Given data:
»»
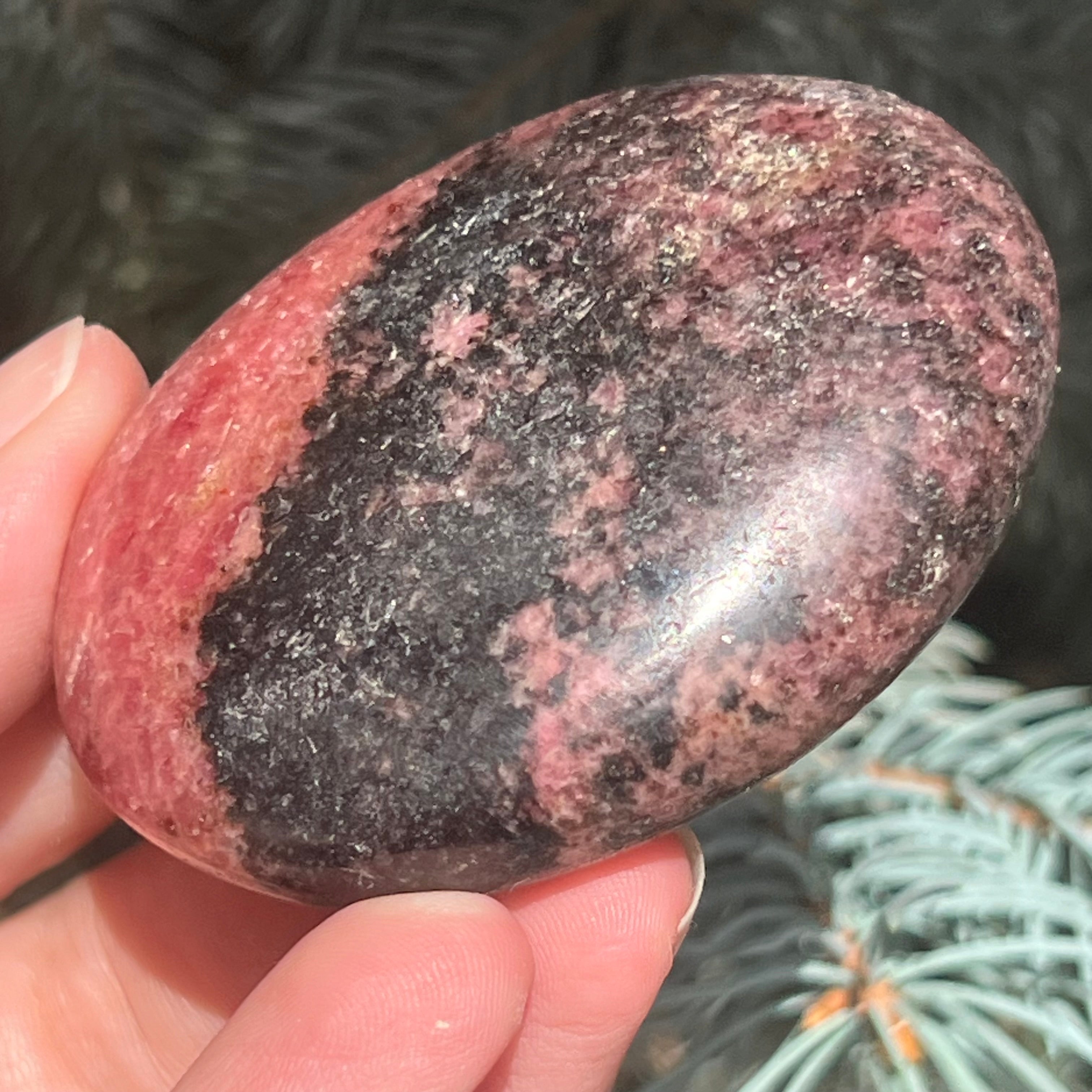 Popis - Madagaskarský rodonitový palmový kameň model 9
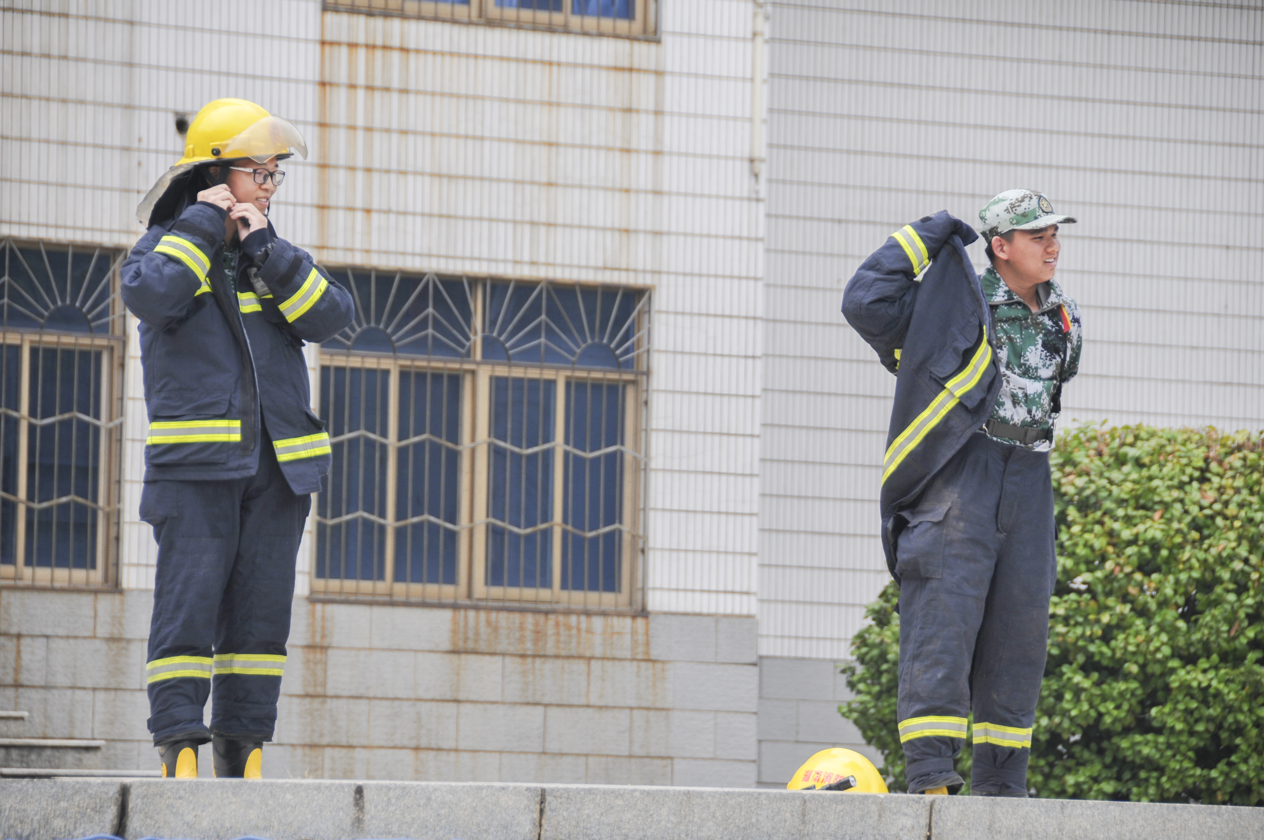 消防员还向军训新生展示了各类消防设备,介绍了其使用方法,并邀请5位新生代表体验如何快速穿上、脱下消防服。
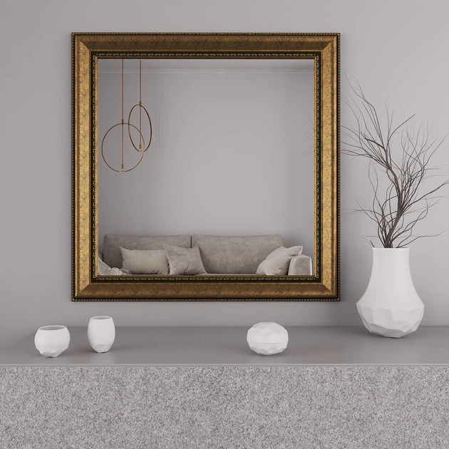 Дзеркало на стіну 96х96 Золотисте Black Mirror 8731-03 квадратне в ванну передпокій коридор спальню
««
Work instructions: Output each line above exactly. Skip the images.

Written solution:
 Popis - Madagaskarský rodonitový palmový kameň model 9
 消防员还向军训新生展示了各类消防设备,介绍了其使用方法,并邀请5位新生代表体验如何快速穿上、脱下消防服。
 Дзеркало на стіну 96х96 Золотисте Black Mirror 8731-03 квадратне в ванну передпокій коридор спальню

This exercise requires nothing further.